*WHAT IS BEING ASKED*. Although the records contain pictures, only their text should be reproduced, exactly as written.

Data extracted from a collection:
════

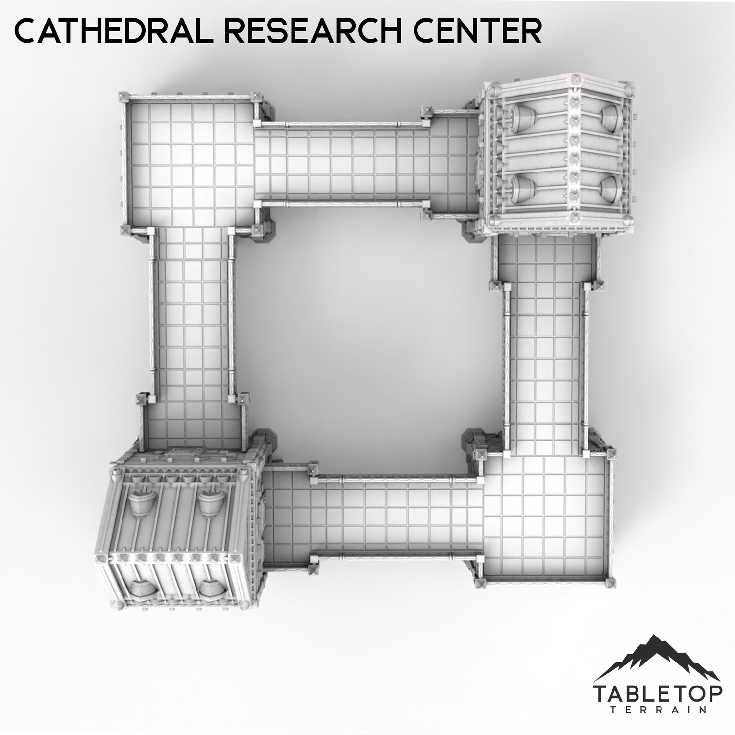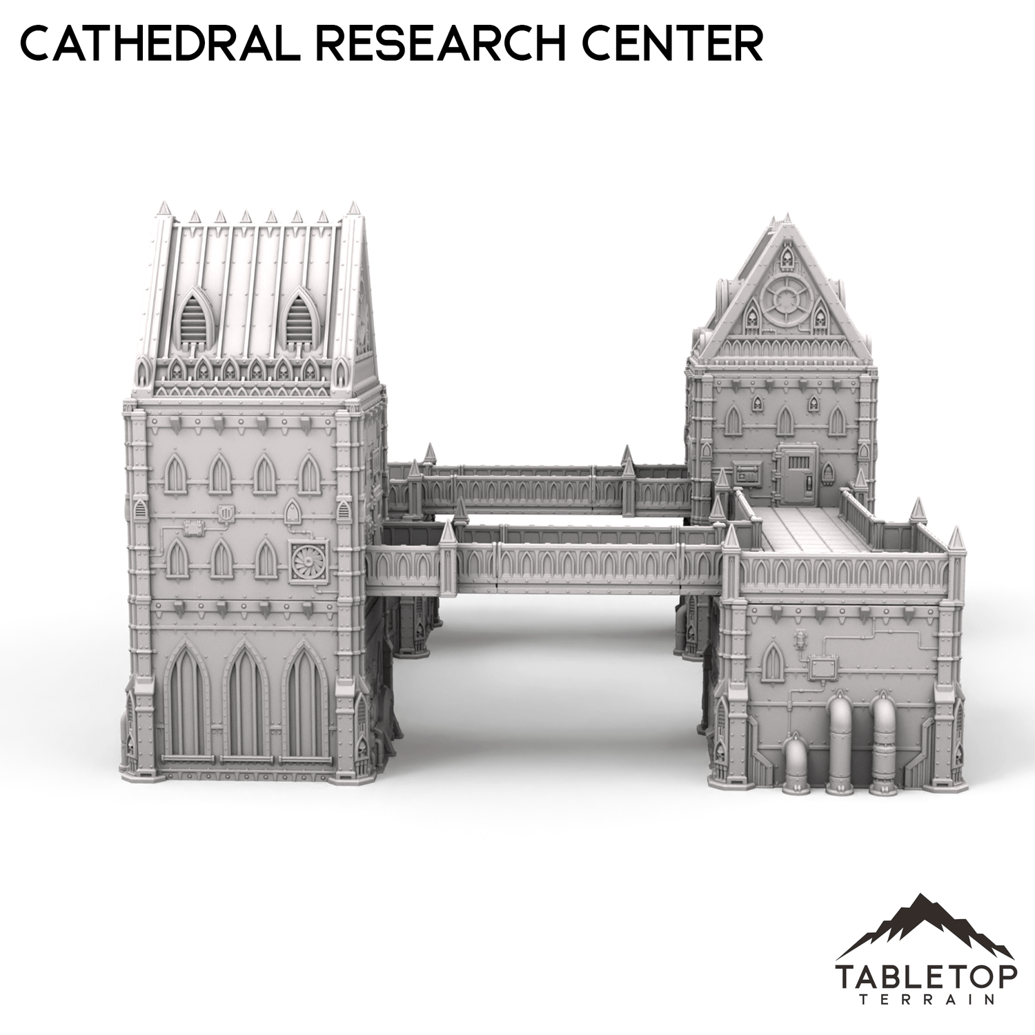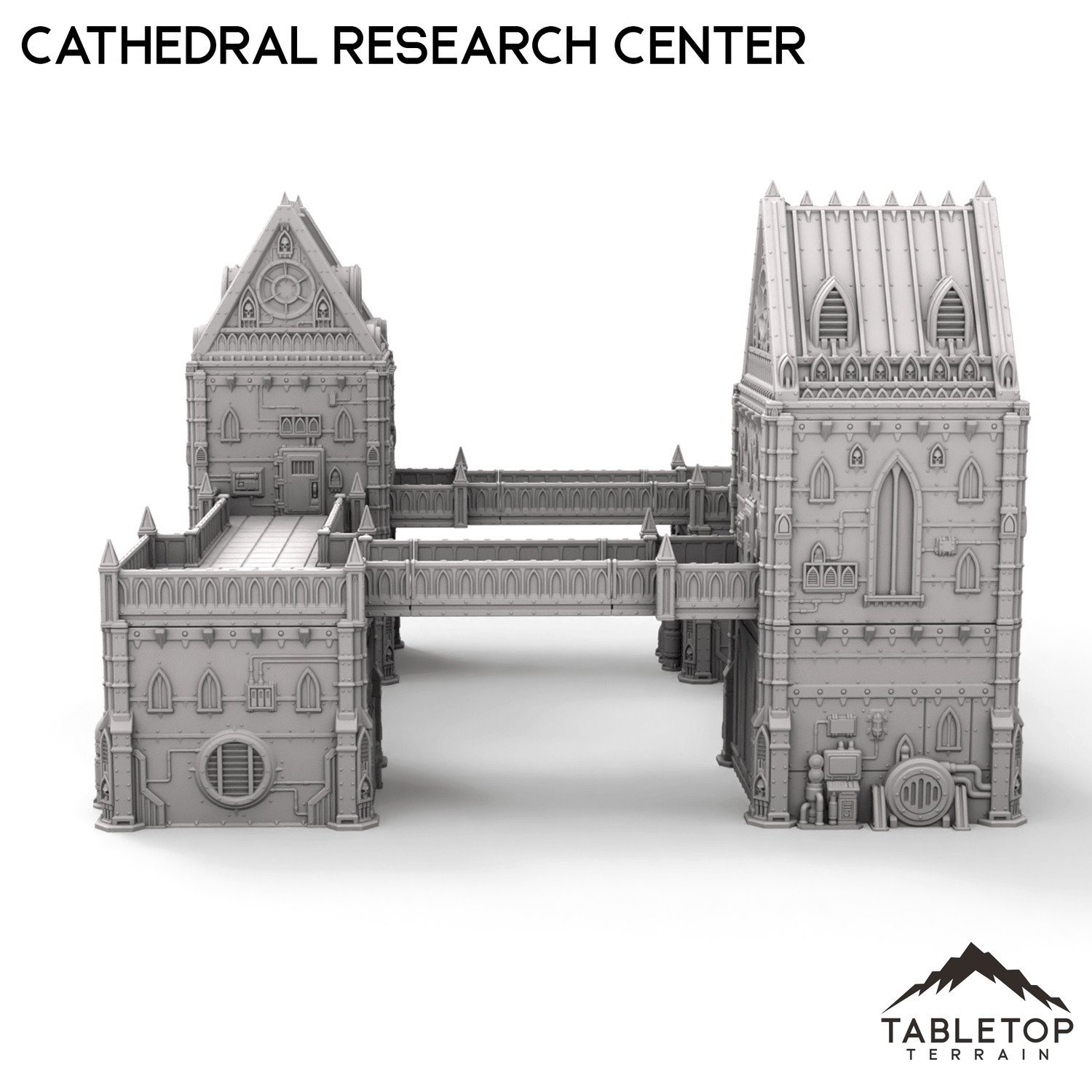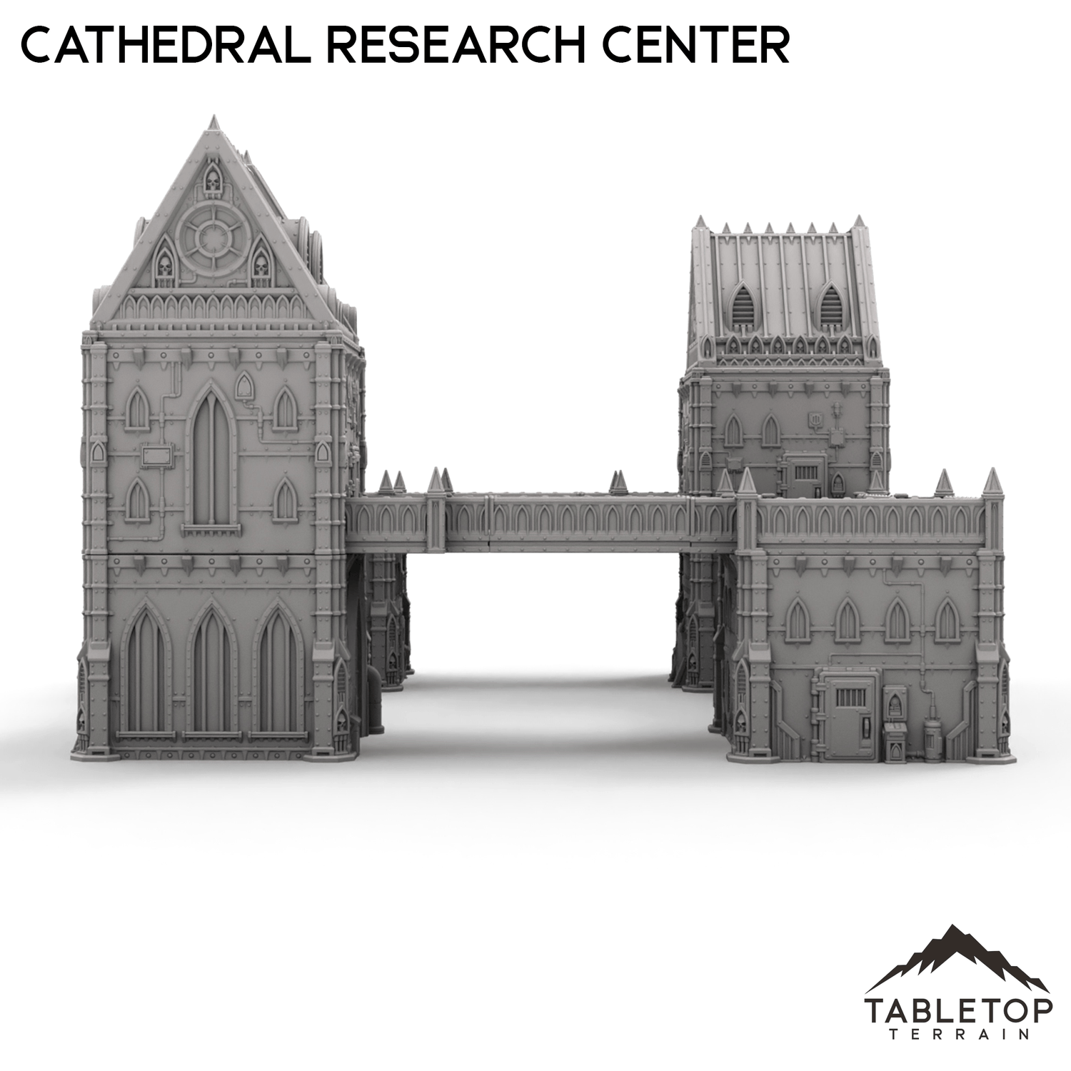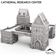 Discover the majestic buildings of "Caelum Turrim," a towering set of intricately detailed gothic towers and buildings. Each structure is adorned with tall towers, ornate windows and decorated walkways, adding a regal touch to your tabletop world. This set, the Cathedral Research Center, features 2 primary buildings with cathedral style rooftops, and 2 smaller buildings connected by right-angle walkways, all with a high level of detail.
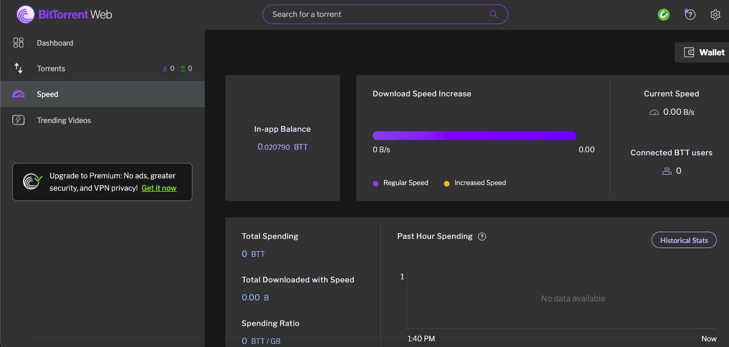 BitTorrent Speed is accessible via BitTorrent Web. And it is a built-in app with a crypto wallet and BTT tokens that can be earned by sharing and that can also help you increase torrenting speed. Speed can also be accessed via the uTorrent Web-based client.
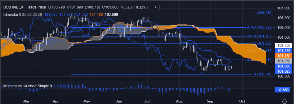 从技术面来看,美元指数上方面临106.51至100.21跌势的23.6%斐波那契回撤位101.697的阻力。若无法有效突破,美元指数可能会继续向下测试100.21的年内低点,甚至跌破100的心理关口。知名机构指出,截至9月17日的一周,投机者持有的美元净空头头寸有所减少,这一情况使得美元指数在近期内缺乏强有力的支撑。
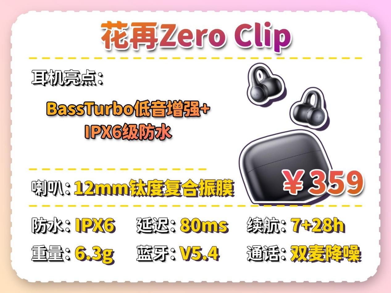 花再Zero Clip在佩戴上采用C形桥与12度夹角设计,贴合感强且不易掉落,但耳机偏重,长时间使用舒适度会受影响。音质上配备钛度复合振膜与低音增强引擎,声音饱满有力,低音表现突出,不过音量较大时漏音较明显。性能上具备高等级防水,无惧汗水雨水,支持一拖二连接和清晰通话降噪,但单次续航相对较短。虽然它在重量、漏音和续航上存在不足,但它的音质扎实、防水出色且佩戴稳固,是运动通勤场景中兼顾防护与听感的实用选择。
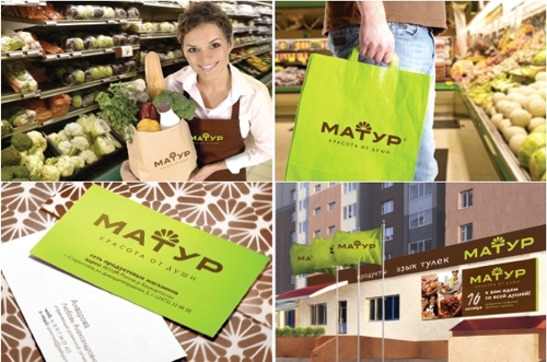 "Матур" в переводе с башкирского - красивый. Так с восхищением можно сказать и о девушке, и о цветке, и о магазине. Первый супермаркет сети с таким названием открылся в городе Стерлитамаке республики Башкортостан. Начальным этапом развития сети "Матур" станет открытие ряда магазинов внутри республики, в дальнейшем сеть будет развиваться и на российском рынке ритейла. Поэтому ценности и традиции, закладываемые в образ сети должны быть общими для башкир и русских людей. Таких общих черт не мало, но основной из них для создания концепции магазина была выбрана такая характеристика как душевность. Она включает в себя и гостеприимство, и теплоту, и открытость. Ведь магазин, как человек, - может привлечь внешней привлекательностью, но удержать - красотой внутренней, душевной. Именно красота души привлекает к себе, даря радость, спокойствие, уверенность и тепло. "Матур" - магазин с широкой душой - словно хлебосольный дом, излучающий дружелюбие и радушие. Здесь рады каждому и каждому готовы дарить внимание и заботу. В магазинах "Матур" - не покупатели, а гости, которых принимают по всем законам гостеприимства: с теплой улыбкой и открытым сердцем. Гостям "Матур" щедро предлагает изобилие всего самого лучшего, самого свежего и аппетитного. Эта идея выражена в слогане "Красота от души". В фирменном стиле используются естественные цвета: теплый уютный коричневый, цвет молодой зелени, белый. Фирменный знак представляет собой стилизованное соцветие курая - растение семейства зонтичных, национальный символ Башкортостана и дружбы народов живущих в Башкирии. Во внутреннем оформлении магазина используются натуральные материалы: дерево, рогожка, солома, предметы ручной работы: плетеные корзинки, сбитые вручную ящички, рисунки, сделанные от руки; фотоизображения людей с улыбающимися лицами, открытыми жестами, в ситуациях проявления внимания и заботы о покупателях; доски с написанными от руки текстами и ценами. В совокупности сложился целостный образ теплого, уютного, домашнего, дружелюбного - душевного магазина, излучающего спокойствие, доброту, заботу, открытого, дышащего человеческим теплом и радушием.

════

*SOLVED EXERCISE*.
 Discover the majestic buildings of "Caelum Turrim," a towering set of intricately detailed gothic towers and buildings. Each structure is adorned with tall towers, ornate windows and decorated walkways, adding a regal touch to your tabletop world. This set, the Cathedral Research Center, features 2 primary buildings with cathedral style rooftops, and 2 smaller buildings connected by right-angle walkways, all with a high level of detail.
 BitTorrent Speed is accessible via BitTorrent Web. And it is a built-in app with a crypto wallet and BTT tokens that can be earned by sharing and that can also help you increase torrenting speed. Speed can also be accessed via the uTorrent Web-based client.
 从技术面来看,美元指数上方面临106.51至100.21跌势的23.6%斐波那契回撤位101.697的阻力。若无法有效突破,美元指数可能会继续向下测试100.21的年内低点,甚至跌破100的心理关口。知名机构指出,截至9月17日的一周,投机者持有的美元净空头头寸有所减少,这一情况使得美元指数在近期内缺乏强有力的支撑。
 花再Zero Clip在佩戴上采用C形桥与12度夹角设计,贴合感强且不易掉落,但耳机偏重,长时间使用舒适度会受影响。音质上配备钛度复合振膜与低音增强引擎,声音饱满有力,低音表现突出,不过音量较大时漏音较明显。性能上具备高等级防水,无惧汗水雨水,支持一拖二连接和清晰通话降噪,但单次续航相对较短。虽然它在重量、漏音和续航上存在不足,但它的音质扎实、防水出色且佩戴稳固,是运动通勤场景中兼顾防护与听感的实用选择。
 "Матур" в переводе с башкирского - красивый. Так с восхищением можно сказать и о девушке, и о цветке, и о магазине. Первый супермаркет сети с таким названием открылся в городе Стерлитамаке республики Башкортостан. Начальным этапом развития сети "Матур" станет открытие ряда магазинов внутри республики, в дальнейшем сеть будет развиваться и на российском рынке ритейла. Поэтому ценности и традиции, закладываемые в образ сети должны быть общими для башкир и русских людей. Таких общих черт не мало, но основной из них для создания концепции магазина была выбрана такая характеристика как душевность. Она включает в себя и гостеприимство, и теплоту, и открытость. Ведь магазин, как человек, - может привлечь внешней привлекательностью, но удержать - красотой внутренней, душевной. Именно красота души привлекает к себе, даря радость, спокойствие, уверенность и тепло. "Матур" - магазин с широкой душой - словно хлебосольный дом, излучающий дружелюбие и радушие. Здесь рады каждому и каждому готовы дарить внимание и заботу. В магазинах "Матур" - не покупатели, а гости, которых принимают по всем законам гостеприимства: с теплой улыбкой и открытым сердцем. Гостям "Матур" щедро предлагает изобилие всего самого лучшего, самого свежего и аппетитного. Эта идея выражена в слогане "Красота от души". В фирменном стиле используются естественные цвета: теплый уютный коричневый, цвет молодой зелени, белый. Фирменный знак представляет собой стилизованное соцветие курая - растение семейства зонтичных, национальный символ Башкортостана и дружбы народов живущих в Башкирии. Во внутреннем оформлении магазина используются натуральные материалы: дерево, рогожка, солома, предметы ручной работы: плетеные корзинки, сбитые вручную ящички, рисунки, сделанные от руки; фотоизображения людей с улыбающимися лицами, открытыми жестами, в ситуациях проявления внимания и заботы о покупателях; доски с написанными от руки текстами и ценами. В совокупности сложился целостный образ теплого, уютного, домашнего, дружелюбного - душевного магазина, излучающего спокойствие, доброту, заботу, открытого, дышащего человеческим теплом и радушием.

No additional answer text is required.